# Google Voice allows number change – or keep old number for $20



## XPLiCiT2u (Jun 9, 2011)

As found on Google Voice Blog:

Make your secondary Google Voice number permanent

Wednesday, June 8, 2011 | 2:35 PM

Until now, if you changed your Google Voice number, ported your number to Google Voice, or opted in for the Sprint Option 1 integration (where your Sprint number becomes your Google Voice number), your previous Google Voice number remained on your account for 90 days before it was returned to Google.

Since many Google Voice users grow attached and become closely associated with their Google Voice numbers, we're making it possible for users in any of the scenarios above to permanently keep the previous Google Voice number on their account.

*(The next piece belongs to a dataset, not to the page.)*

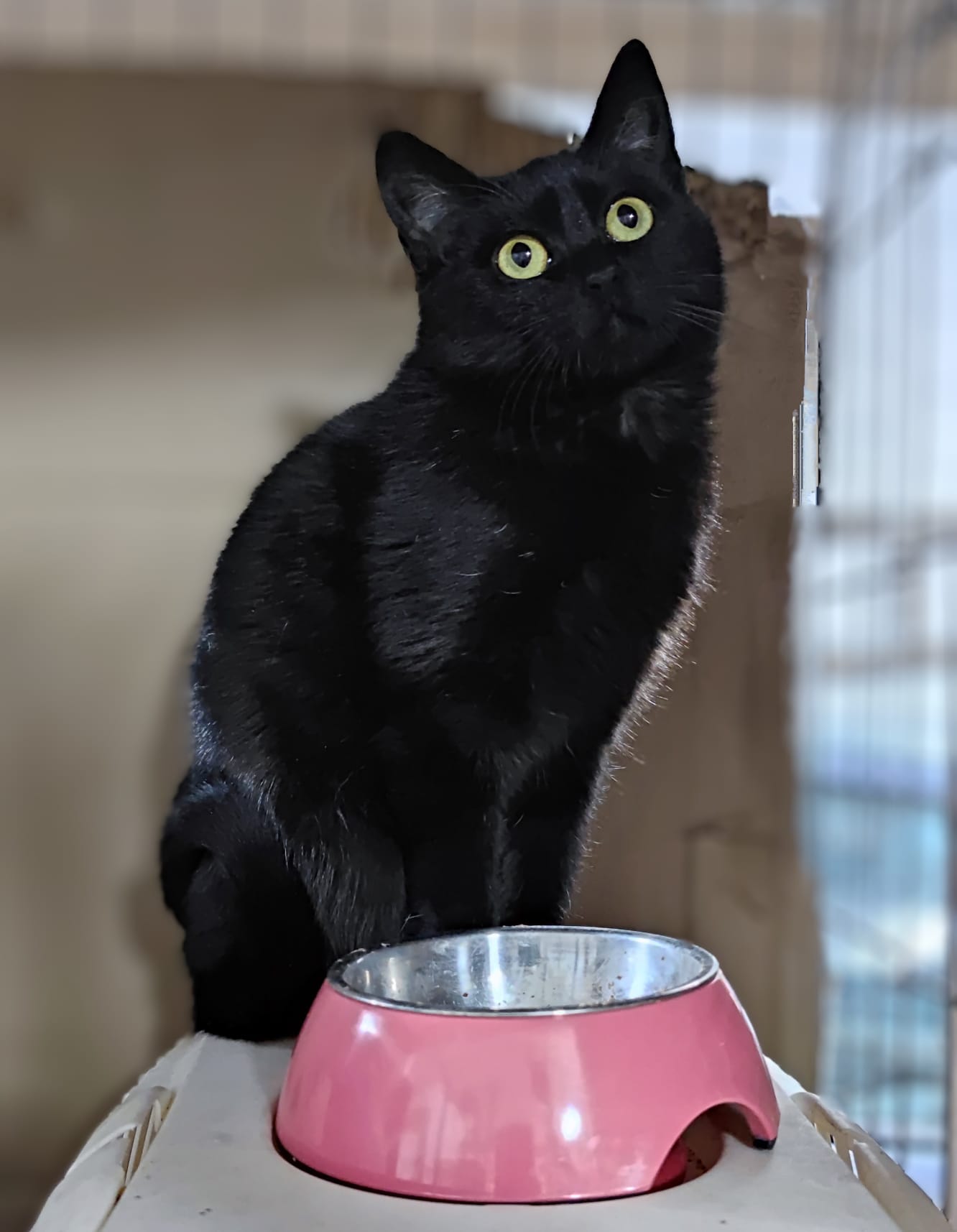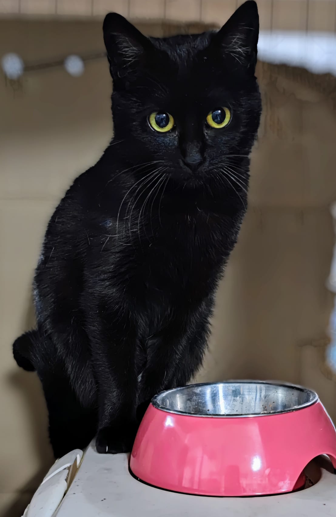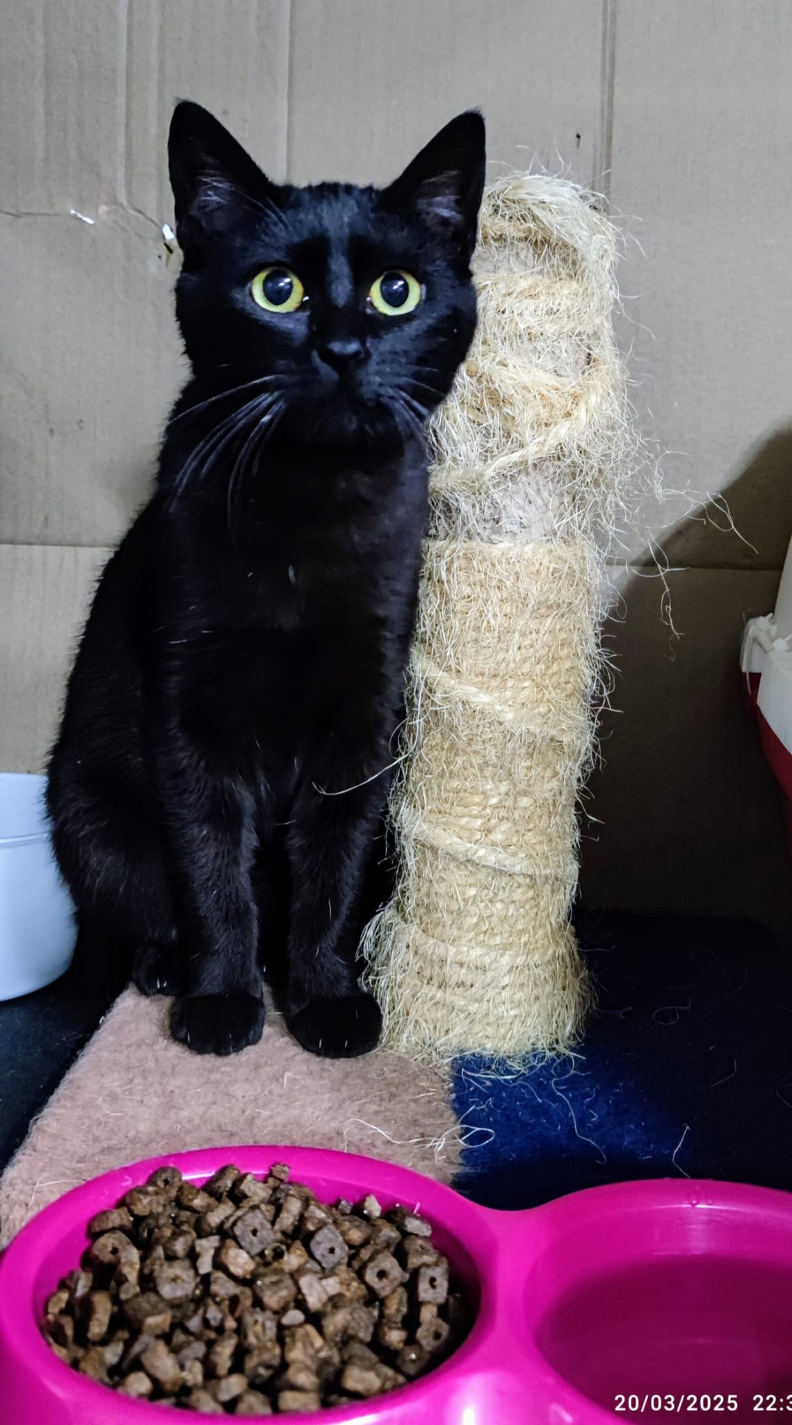 Pipa fue rescatada de un garaje en el que se refugió corriendo mucho peligro, porque no la querían. Vino con una herida muy fea en la espalda, de la que ya está recuperada. Es una gatita muy sociable con todos los gatos.

This means that calls made and text messages sent to your previous number will still reach you, however, your new primary Google Voice number will display on caller ID when you make calls or send text messages.

To keep a previous number on your account, log in to Google Voice, visit the Settings tab, and click "make permanent" next to the number that you want to hang on to. There's a one-time $20 administration charge to make it permanent, and the process is instantaneous.

Visit the Google Voice Help Center to learn more.

Posted by Eugene Goldfarb, Software Engineer

Original post HERE.


----------



## Brian (Jun 7, 2011)

This is pretty cool actually. I have been waiting for vzw to do the same type of integration that sprint does (doubt it though...). Although I do wish I could take my gvoice number from other gmail account and add it to the same one.


----------